Réforme de la Cei : Le Rpp dévoile onze résolutions pour refonder le système électoral
Selon le Rpp, les insuffisances observées dans le fonctionnement de l’ancienne Cei( notamment les critiques liées à son indépendance, à sa composition et à son équilibre institutionnel ) rendent indispensable une réforme profonde. Le parti propose ainsi une architecture institutionnelle reposant sur onze membres issus de différentes composantes de la société ivoirienne. Cette configuration ferait la part belle aux personnalités indépendantes, avec quatre sièges réservés aux juristes et universitaires. Deux représentants seraient issus de la société civile spécialisée, deux autres des secteurs public et privé, tandis que les confessions religieuses disposeraient de deux sièges. La Chambre des rois et chefs traditionnels bénéficierait, quant à elle, d’un représentant.
Le Rpp insiste également sur les garanties d’indépendance du futur organe. Le parti recommande un mode de désignation transparent, des incompatibilités strictes avec toute activité politique partisane, une autonomie administrative et financière renforcée ainsi qu’une protection juridique des membres dans l’exercice de leurs fonctions. Des mécanismes permanents d’audit et de contrôle sont également proposés pour assurer davantage de transparence.

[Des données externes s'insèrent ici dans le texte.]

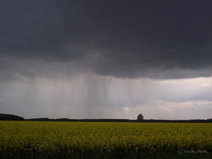 Április 24-én, vasárnap kora hajnalban érte el az országot az a markáns hidegfront, mely mögött jelentõs lehûlés érkezik. A front elõtt szombaton a Dunántúlon és a Duna-Tisza közén szórványosan záporok, zivatarok is kialakultak, majd a front mentén már több helyen volt esõ, zápor. Lokálisan jelentõs mennyiségû, 10-30 mm csapadék is hullott, de országosan még nem mérséklõdött a "szárazság". Ráadásul a front mögött a Dunántúlon és északkeleten megerõsödik, helyenként viharossá fokozódik az északi szél, mely ismét szárítja majd a talajt.
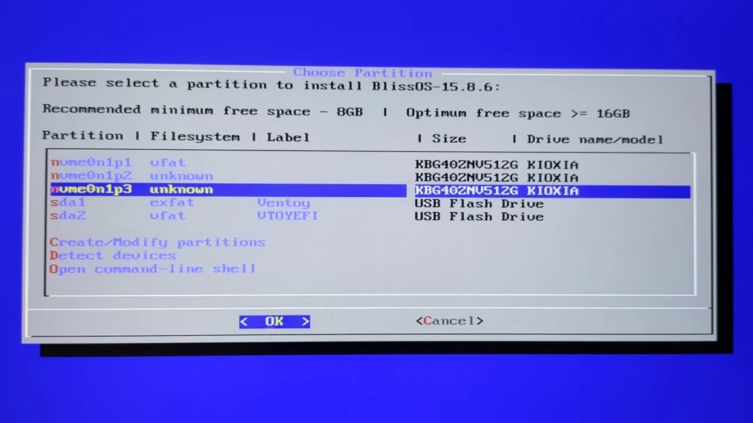 - 選擇將Bliss OS安裝到空閒的128GB分區

Par ailleurs, les futurs membres devraient répondre à des critères rigoureux d’intégrité. Le parti préconise notamment l’exclusion de toute personne ayant exercé un mandat électif ou occupé des fonctions dirigeantes au sein d’un parti politique au cours des cinq années précédant sa nomination. Une déclaration de patrimoine ainsi qu’un contrôle de l’origine des biens avant, pendant et après mandat figurent également parmi les recommandations. Au-delà de la réforme institutionnelle, le RPP plaide pour l’ouverture d’un dialogue politique national inclusif associant gouvernement, partis politiques, société civile et confessions religieuses afin de parvenir à un consensus durable sur les réformes électorales. En filigrane, le parti réaffirme sa conviction : des élections crédibles demeurent la condition essentielle de la paix, de la stabilité institutionnelle et de la consolidation démocratique en Côte d’Ivoire.